Skip site navigation (1)Skip section navigation (2)
Date:      Sun, 28 Nov 1999 13:45:12 -0600 (CST)
From:      Joe Greco <jgreco@ns.sol.net>
To:        ken@kdm.org (Kenneth D. Merry)
Cc:        dgilbert@velocet.ca, stable@freebsd.org
Subject:   Re: ahc problems (with vinum?)
Message-ID:  <199911281945.NAA68811@aurora.sol.net>
In-Reply-To: <199911281756.KAA21363@panzer.kdm.org> from "Kenneth D. Merry" at "Nov 28, 1999 10:56:12 am"

next in thread | previous in thread | raw e-mail | index | archive | help
> > Copyright (c) 1992-1999 FreeBSD Inc.
> > Copyright (c) 1982, 1986, 1989, 1991, 1993
> > 	The Regents of the University of California. All rights reserved.
> > FreeBSD 3.3-RELEASE #0: Mon Nov 22 13:38:07 CST 1999
> >     root@host:/usr/src/sys/compile/DEMO
> 
> The first problem is that you're running 3.3-R with two 7890s.  Justin
> worked around a bug in the 7890 in the Adaptec driver shortly after 3.3
> came out.  I'd recommend at the very least updating your Adaptec driver,
> although depending on your circumstances, it might be easier to just update
> to the latest -stable.

Noted.  One is an onboard controller, part of the ASUS P2B-DS.  This
particular system was supposed to have a 3940, but I didn't have one
so I crammed in two 2940-type controllers.  Would this also be an issue
for a system with the onboard controller and a 3940-type controller?

> That isn't where your problems are showing up, however.  (Likely you
> haven't loaded your system enough to trigger the 7890 problem.)

Maybe/maybe not.  What might I expect to see from such a problem?

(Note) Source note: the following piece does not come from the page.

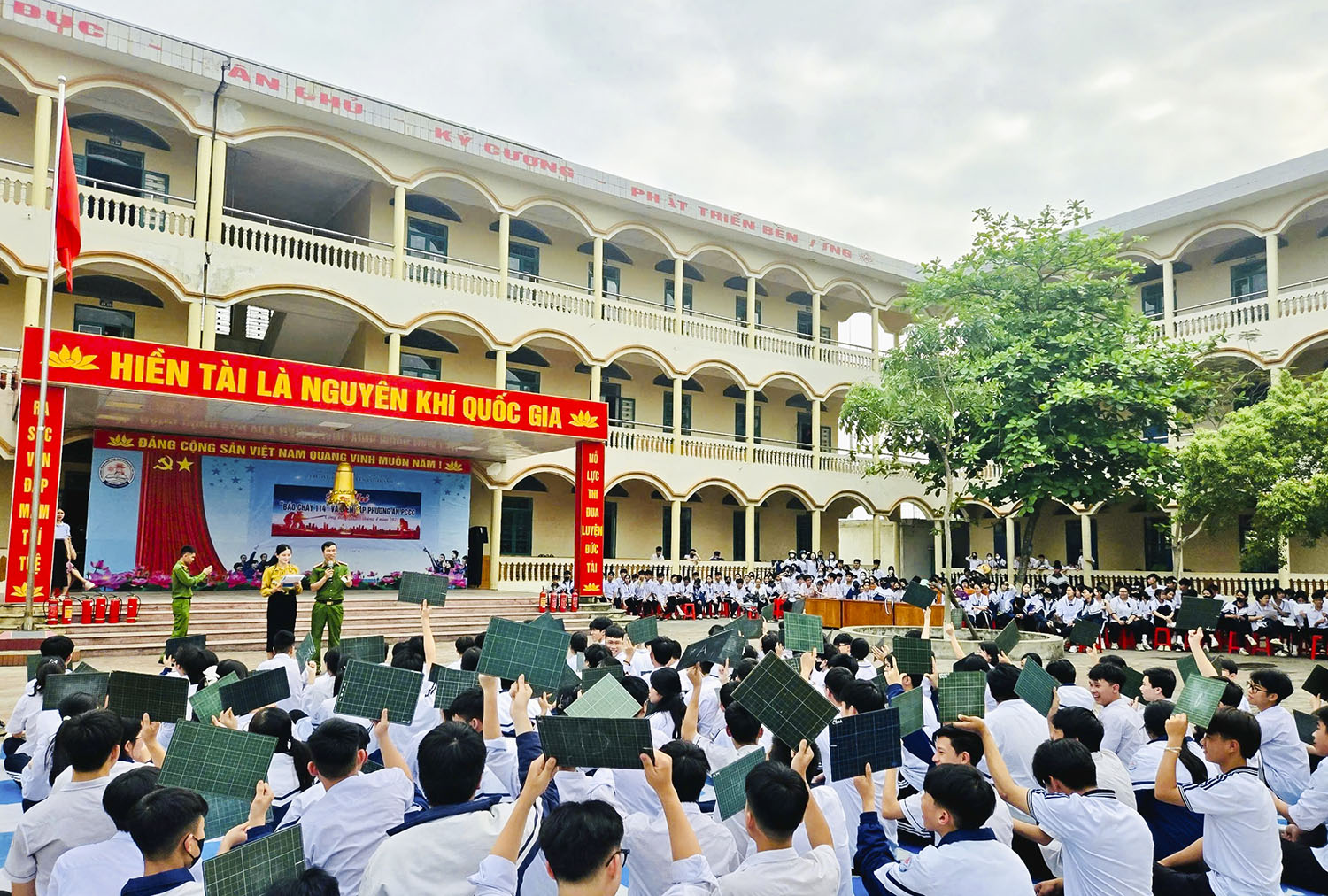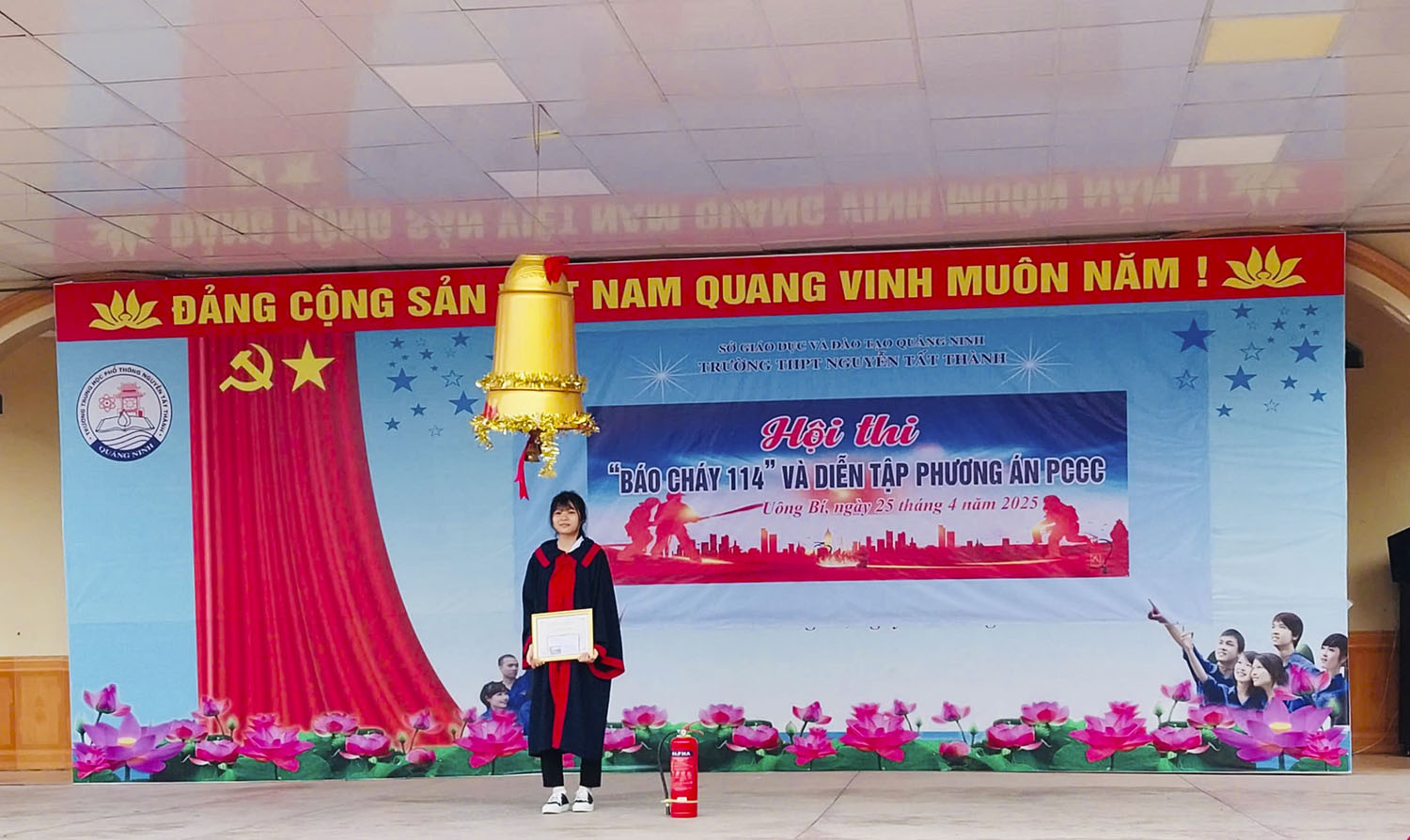 100 học sinh đại diện cho 3 khối lớp học của nhà trường đã tham gia Hội thi “báo cháy 114”. Với vốn kiến thức về phòng cháy, chữa cháy và cứu nạn, cứu hộ, các thí sinh đã xuất sắc trả lời các câu hỏi do Ban tổ chức đưa ra. Học sinh Nguyễn Thảo Uyên, lớp 10C5 giành giải Nhất hội thi. Trong chương trình, Phòng Cảnh sát PCCC và CNCH đã phối hợp với nhà trường tổ chức thành công thực tập phương án chữa cháy và cứu nạn, cứu hộ.

I have certainly beat the $#!+ out of these systems in a variety of ways,
and have run into some odd things.  Most were traceable to SCSI issues.
Some didn't get classified.  I'm running vinum in a ten-filesystem config
on top of the 18 18GB drives, and I copy in data from another machine.  I
then have an application which mmap()'s the files, doing search and replace
ops on the data.  Running this app in parallel causes the system to hang
(eventually causing the watchdog to expire and reset the system).  Running
it serially on one fs at a time doesn't.  This is probably the most
worrisome of the issues I've seen.  If you have a recommended revision of
the ahc driver you'd like me to try, let me know.

> > # sh run&
> > # dd: /dev/rda17: Device not configured
> > dd: /dev/rda18: Device not configured
> > (da13:ahc2:0:3:0): SCB 0xa - timed out in datain phase, SEQADDR == 0x110
> > (da13:ahc2:0:3:0): Other SCB Timeout
> > (da11:ahc2:0:1:0): SCB 0xb - timed out in datain phase, SEQADDR == 0x110
> > (da11:ahc2:0:1:0): Other SCB Timeout
> > (da10:ahc2:0:0:0): SCB 0x9 - timed out in datain phase, SEQADDR == 0x110
> > (da10:ahc2:0:0:0): BDR message in message buffer
> > (da10:ahc2:0:0:0): SCB 0x9 - timed out in datain phase, SEQADDR == 0x10f
> > (da10:ahc2:0:0:0): no longer in timeout, status = 34b
> > ahc2: Issued Channel A Bus Reset. 7 SCBs aborted
> > (da11:ahc2:0:1:0): SCB 0xa - timed out in datain phase, SEQADDR == 0x153
> > (da11:ahc2:0:1:0): Other SCB Timeout
> > (da10:ahc2:0:0:0): SCB 0x9 - timed out in datain phase, SEQADDR == 0x153
> > (da10:ahc2:0:0:0): BDR message in message buffer
> > (da10:ahc2:0:0:0): SCB 0x9 - timed out in datain phase, SEQADDR == 0x153
> > (da10:ahc2:0:0:0): no longer in timeout, status = 34b
> > ahc2: Issued Channel A Bus Reset. 3 SCBs aborted
> > (da10:ahc2:0:0:0): SCB 0xa - timed out in datain phase, SEQADDR == 0x110
> > (da10:ahc2:0:0:0): BDR message in message buffer
> > (da10:ahc2:0:0:0): SCB 0xa - timed out in datain phase, SEQADDR == 0x10f
> > (da10:ahc2:0:0:0): no longer in timeout, status = 34b
> > ahc2: Issued Channel A Bus Reset. 6 SCBs aborted
> > 4357+1 records in
> > 4357+1 records out
> > 4569600000 bytes transferred in 428.640450 secs (10660683 bytes/sec)
> 
> [ ... ]
> 
> "Timed out in {datain|dataout} phase" means that a transaction took longer
> than 60 seconds to complete, and the bus was stuck in datain/dataout phase
> at the time.
> 
> This is almost always the result of a cabling or termination problem.
> 
> So you'll probably want to replace the cable on your Ultra-Wide chain, and
> verify that the termination is correct.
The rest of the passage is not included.